Here's a target with 20 shots as I was figuring things out:










And here's the best 10 shot grouping I've every fired after I was in the zone:


----------



## TOF (Sep 7, 2006)

You must realy feel that surge of power with that last target.

Congratulations and keep up the good work.

:smt1099


----------



## Snowman (Jan 2, 2007)

It's always nice when you can figure things out for yourself. Nice shooting. :smt023


----------



## gmaske (Jan 7, 2008)

Oooooooo!!! VERY PRETTY :smt023


----------



## DJ Niner (Oct 3, 2006)

Darn good shooting! Keep it up 'til it's reflexive!


----------



## babs (Nov 30, 2007)

Interesting.. 

(I'm a newb and have been proven to be a terrible shot so just observations from an untrained plebe admittedly. :mrgreen 

Tells me your trigger hand was doing something besides squeezing the trigger when you fired, maybe jerking or pulling the grip in some way.. Which was alleviated by less grip power in that hand.

Pretty cool troubleshooting (no pun intended).. Glad you're driving tacks now. :smt023


----------



## hawcer (Feb 22, 2008)

> (pulling in with my support arm while pushing out slightly with my stong arm.)


That's great that you figured it out on your own. :smt023
I remember reading how to hold like that in a magazine arcticle a long,long,long time ago...I'm glad I never forgot.

Excellent group btw...


----------



## longbow (Mar 1, 2008)

Real nice!

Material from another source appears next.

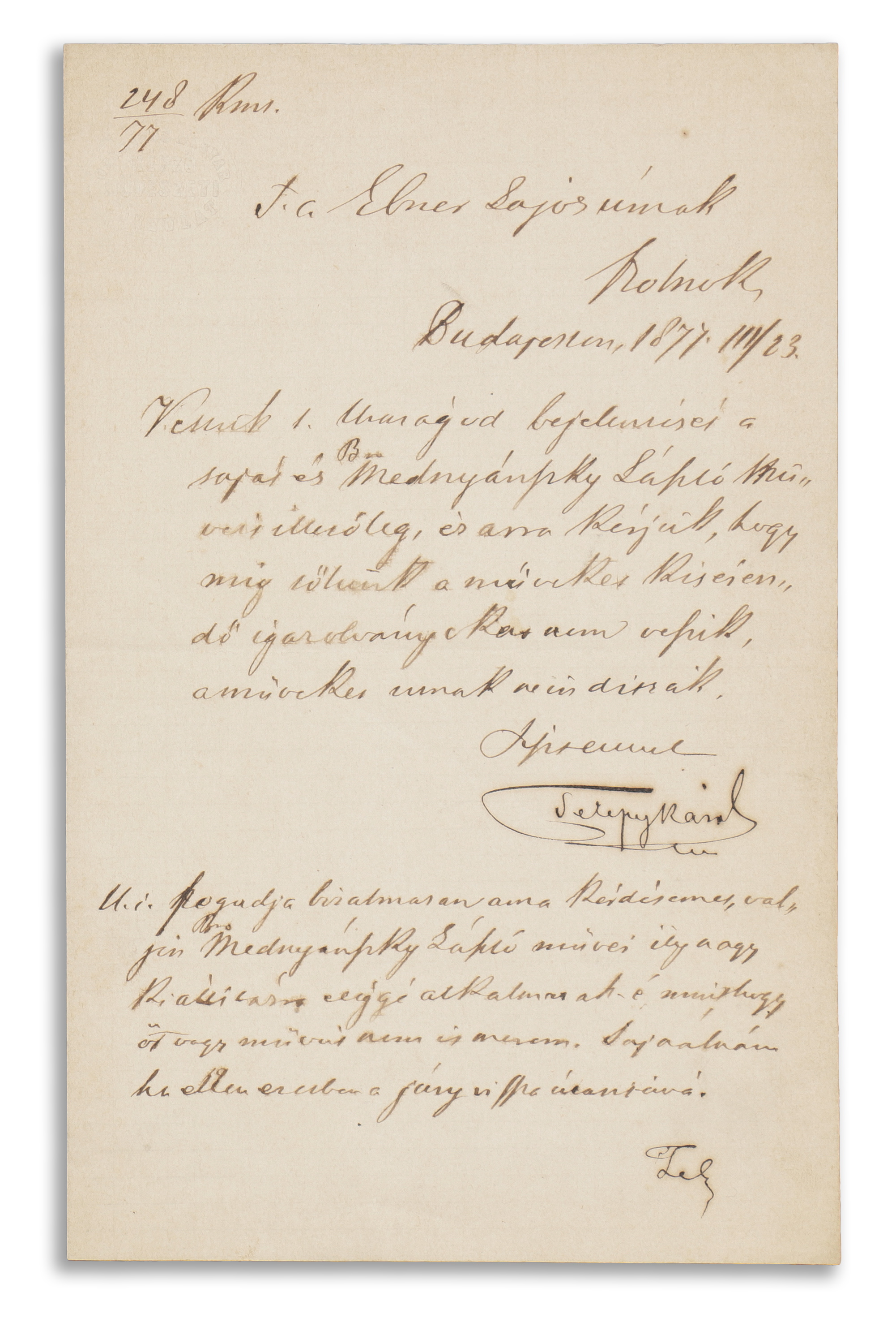 A Budapesten 1877. március 23-án kelt levelében Telepy Károly (1828–1906) festőművész kiállításra szánt festményei iránt érdeklődik: „Vettük t. Uraságod bejelentését a saját és Báró Mednyánszky László műveit illetőleg, és arra kérjük, hogy amig tőlünk a műveket kisérendő igazolványokat nem veszik, a műveket utnak ne indítsák.” Telepy hozzáteszi:„Fogadja bizalmasan kérdésemet, valjon Báró Mednyánszky László művei ily nagy kiállításra eléggé alkalmasak-é minthogy őt vagy műveit nem ismerem. Sajnálnám ha ellen esetben a jury visszautasítaná.”

What distance is this?


----------



## RightTurnClyde (Oct 24, 2007)

babs said:


> Tells me your trigger hand was doing something besides squeezing the trigger when you fired, maybe jerking or pulling the grip in some way.. Which was alleviated by less grip power in that hand.


Exactly. I finally spotted it while dry-firing at home. While the trigger was breaking, I noticed a small but noticable jerk down and to the right, which is where most of my shots were hitting. So I just experimented with different grips and hand/thumb positions until that jerk went away. So then I started crawling out of my skin for the rest of the week until the weekend when I could finally go to the range and try it out for real. :mrgreen:

Sorry... I forgot to mention the shooting distance. I was just shy of 7 yards for the two groups in the pictures.

Thanks for the encouragement, everybody.


----------



## babs (Nov 30, 2007)

I'm willing to bet that I'm jerking the pistol all over the place as well after seeing what the groups looked like from someone that knows how to shoot when I was testing that 92FS (3" at 10yds compared to my 6" groups.. embarassing!)


----------